**Work order**: The lines below from the one with "Des de dissabte" up to and including the one with "据市场商户介绍,节后大闸蟹价" are what you should set down, exactly and without pictures.

##### Records provided

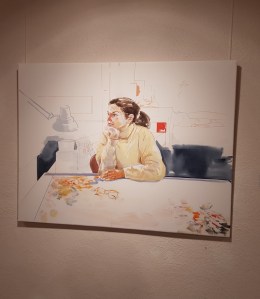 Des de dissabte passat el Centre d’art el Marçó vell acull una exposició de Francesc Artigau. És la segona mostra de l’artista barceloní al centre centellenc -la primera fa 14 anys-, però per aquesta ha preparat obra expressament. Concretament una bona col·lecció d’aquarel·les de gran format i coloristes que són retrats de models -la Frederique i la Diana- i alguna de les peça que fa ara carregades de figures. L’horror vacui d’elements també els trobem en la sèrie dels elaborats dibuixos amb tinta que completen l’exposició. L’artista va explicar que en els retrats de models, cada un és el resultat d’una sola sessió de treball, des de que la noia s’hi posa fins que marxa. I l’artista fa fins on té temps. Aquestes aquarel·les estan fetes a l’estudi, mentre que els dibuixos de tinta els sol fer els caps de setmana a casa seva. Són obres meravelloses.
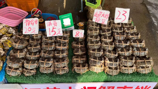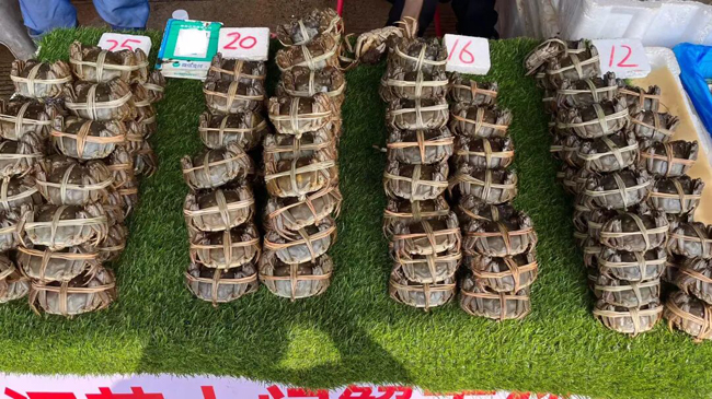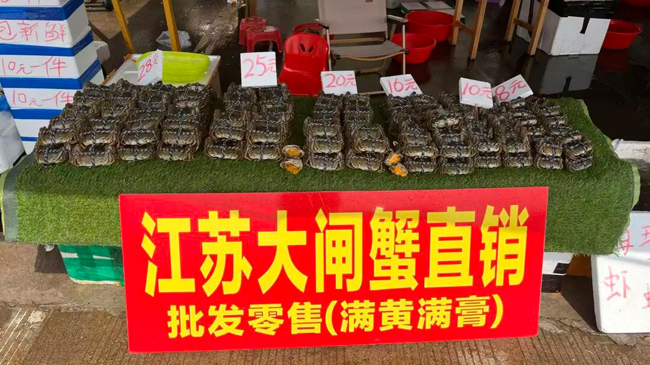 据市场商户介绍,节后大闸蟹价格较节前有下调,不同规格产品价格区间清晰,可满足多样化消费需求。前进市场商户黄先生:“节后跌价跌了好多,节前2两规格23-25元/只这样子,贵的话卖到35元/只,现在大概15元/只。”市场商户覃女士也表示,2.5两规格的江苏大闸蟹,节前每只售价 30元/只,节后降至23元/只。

##########
##### Records provided

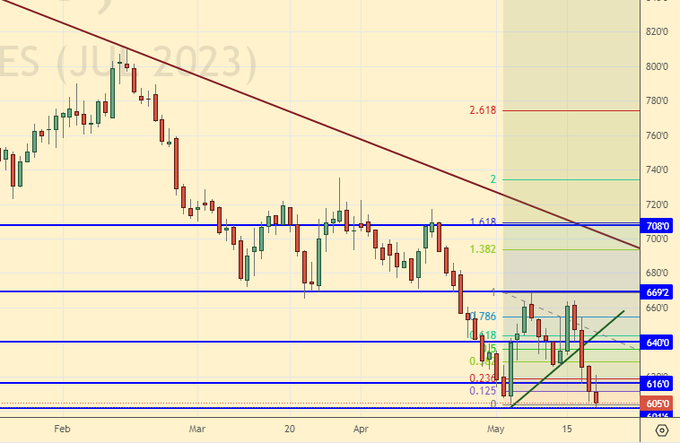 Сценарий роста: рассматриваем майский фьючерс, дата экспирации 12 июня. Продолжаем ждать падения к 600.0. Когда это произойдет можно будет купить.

##########

**Written reply**:
 Des de dissabte passat el Centre d’art el Marçó vell acull una exposició de Francesc Artigau. És la segona mostra de l’artista barceloní al centre centellenc -la primera fa 14 anys-, però per aquesta ha preparat obra expressament. Concretament una bona col·lecció d’aquarel·les de gran format i coloristes que són retrats de models -la Frederique i la Diana- i alguna de les peça que fa ara carregades de figures. L’horror vacui d’elements també els trobem en la sèrie dels elaborats dibuixos amb tinta que completen l’exposició. L’artista va explicar que en els retrats de models, cada un és el resultat d’una sola sessió de treball, des de que la noia s’hi posa fins que marxa. I l’artista fa fins on té temps. Aquestes aquarel·les estan fetes a l’estudi, mentre que els dibuixos de tinta els sol fer els caps de setmana a casa seva. Són obres meravelloses.
 据市场商户介绍,节后大闸蟹价格较节前有下调,不同规格产品价格区间清晰,可满足多样化消费需求。前进市场商户黄先生:“节后跌价跌了好多,节前2两规格23-25元/只这样子,贵的话卖到35元/只,现在大概15元/只。”市场商户覃女士也表示,2.5两规格的江苏大闸蟹,节前每只售价 30元/只,节后降至23元/只。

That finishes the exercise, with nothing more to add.